A visão da Plataforma Anti-Transporte de Animais Vivos
A Plataforma Anti-Transporte de Animais Vivos (PATAV) é uma das vozes mais ativas em Portugal nesta temática. Nasceu como um movimento cívico e tem trabalhado pelo fim deste negócio. A Associação Vegetariana Portuguesa falou com Constança Carvalho, uma das representantes do movimento, para perceber quais os principais problemas desta atividade de exploração.
A PATAV destaca também o impacto ambiental do transporte de animais vivos. “A lei diz que os animais que morrem durante o trajeto devem ser desfeitos mas, na verdade, são lançados inteiros borda fora. Depois dão à costa nas praias e isso constitui um problema ambiental”, descreve, dando conta de que “apareceu uma ovelha em Faro e uma vaca em Tróia. Foram animais que caíram sem condições de segurança ou morreram a bordo e foram atirados inteiros. Temos documentadas pelo menos 2 situações de queda de animais, uma vez foi no Porto de Sines, outra no Porto de Setúbal. Haverá com certeza muitas mais”, descreve Constança Carvalho.
Ainda sobre o impacto ambiental destes transportes, a associação ambientalista ZERO, em conjunto com a PATAV, estima os números deste negócio. Numa única viagem entre Portugal e Israel, geram-se emissões equivalentes a mais de 300 viagens entre Porto e Lisboa.
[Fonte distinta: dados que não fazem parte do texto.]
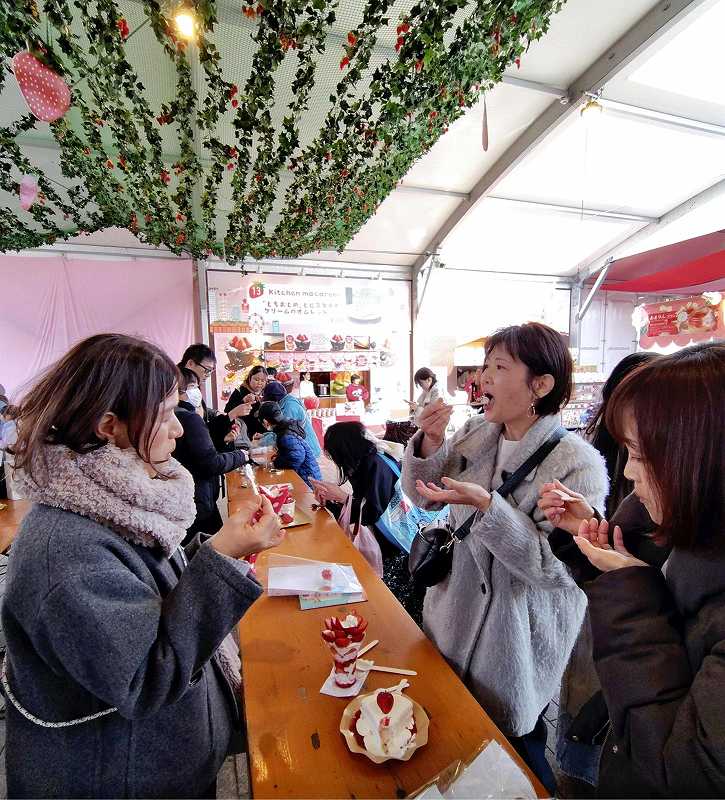 The popular strawberry festival attracted about 580,000 visitors last year. Tochigi Prefecture brought its flagship Tochiaika strawberry, aiming to increase its name recognition among consumers through food samples and selling directly to consumers. “The Yokohama Red Brick Warehouse looks great in photos, and we hope that people will talk about Tochiaika on social media,” a prefectural government official said.
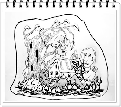 A sötétségből előlépett fehéringes alak felémlebegett, arcát halvány fénybe fogta az elutasító gyűlölet. Jobb karját maga elé tartva kifelé mutatott az ajtón. Én, mint egy rémálomban kihátráltam, az ajtó dörrenve bezárult mögöttem. A koromsötét folyosón állva hallottam a többi láthatatlan ajtószárny csapódásainak hatalmas dörejét, minden csattanás léghuzata kifelé lökött a lépcsők felé. A sűrűn egymást követő események agyamig sem jutottak el, mint bábú tántorogtam, próbáltam talponmaradni. Hátrálva jutottam el az első lépcsőfokig, és éreztem, zuhanok. Alaposan összetörve érkeztem a pihenőre, ahol szerencsémre véget ért kálváriám. A fölém került folyosón kékes villanások cikáztak, a szél vadul csapkodta az ajtószárnyakat, időnként sátáni kacaj és velőtrázó sikolyok korbácsolták pattanásig feszült idegeimet.
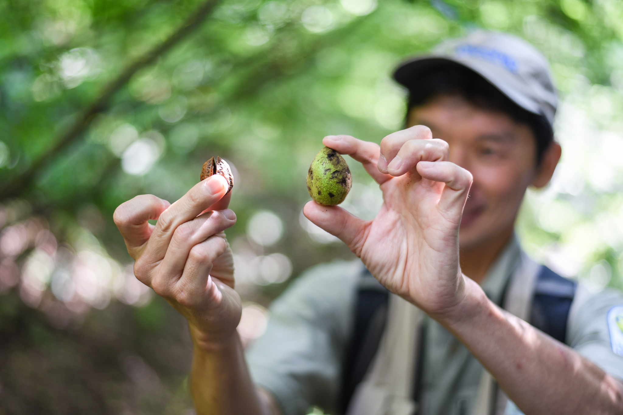 こちらの木にはあのツキノワグマが登った後の爪痕が残っていました。ツキノワグマが大好きな実のできる「ウワズミザクラ」の木だそうです。そこででました!桒田ファイル☆ ツキノワグマの食べる食材を説明をしてくださいます。基本、木の実や山菜などを食べていて、時々ハチやアリを食べているそう(*゚o゚*) 「鮭は!?人は!?と思うかもしれませんが食べません!こういったものを食べているんですよ(*^^*)」と桒田さん。元々は雑食な生き物なんですね。
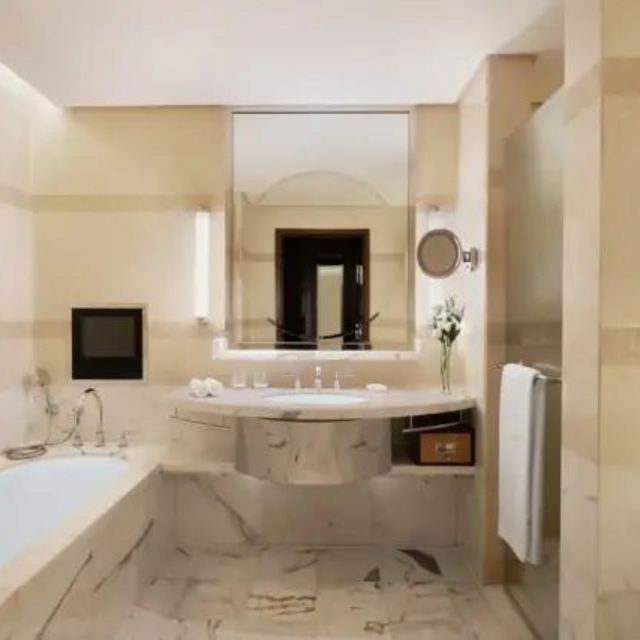 客房45㎡起,设计和装饰融合了东西方艺术风格,雅致沉稳。落地窗的设计,让室内采光通透且自然,豪华江景房,更能在节假日的晚上,观赏到绚烂灯光秀。干湿分离的浴室,配有浴缸,备品为法国品牌Essence d'Orient,带孩子入住,会提供儿童洗漱用品、拖鞋和浴袍。

Mas não é só. “O metano produzido por estes animais é altamente poluente, os cadáveres atirados inteiros são também fonte de poluição”, aponta a representante da PATAV.
Considerando o bem-estar animal e o impacto ambiental, e salientado outros fatores, a plataforma refere, na página de Facebook do movimento, que este negócio “apresenta indiscutivelmente variadas implicações éticas, ambientais, económicas, legais e de saúde pública”.
Sobre o destino destes animais, Constança Carvalho defende que a questão religiosa associada à exportação para países de Médio Oriente não passa de um mito. “Já falamos com entidades religiosas do Médio Oriente. Neste momento, 100% das exportações portuguesas são para Israel e já houve uma petição de líderes religiosos israelitas para pôr fim a isto. Depois das viagens longas, a carne de animais não pode ser considerada kosher ou halal”, começa por explicar.
O que significa kosher ou halal? As duas palavras dizem respeito a rituais judeus e muçulmanos de morte de animais para consumo. Ao contrário das normas europeias em que os animais são insensibilizados antes de serem mortos, nestes rituais faz-se um golpe no pescoço, drenando o sangue, com os animais ainda vivos e conscientes.
Não havendo questões religiosas, porquê a exportação?
Sobre possíveis alterações legislativas na União Europeia, a PATAV mostra-se reticente. “O que nós diríamos é que não é possível transportar animais vivos durante 9 dias no porão de navios de nenhuma maneira. Para nós há que abolir este tipo de transporte”, conclui a responsável.
Mesmo sob as condições “mais controladas”, o transporte de animais não humanos pode colocá-los sob stress por diferentes fatores (privação de comida, água e espaço durante a viagem são apenas três exemplos).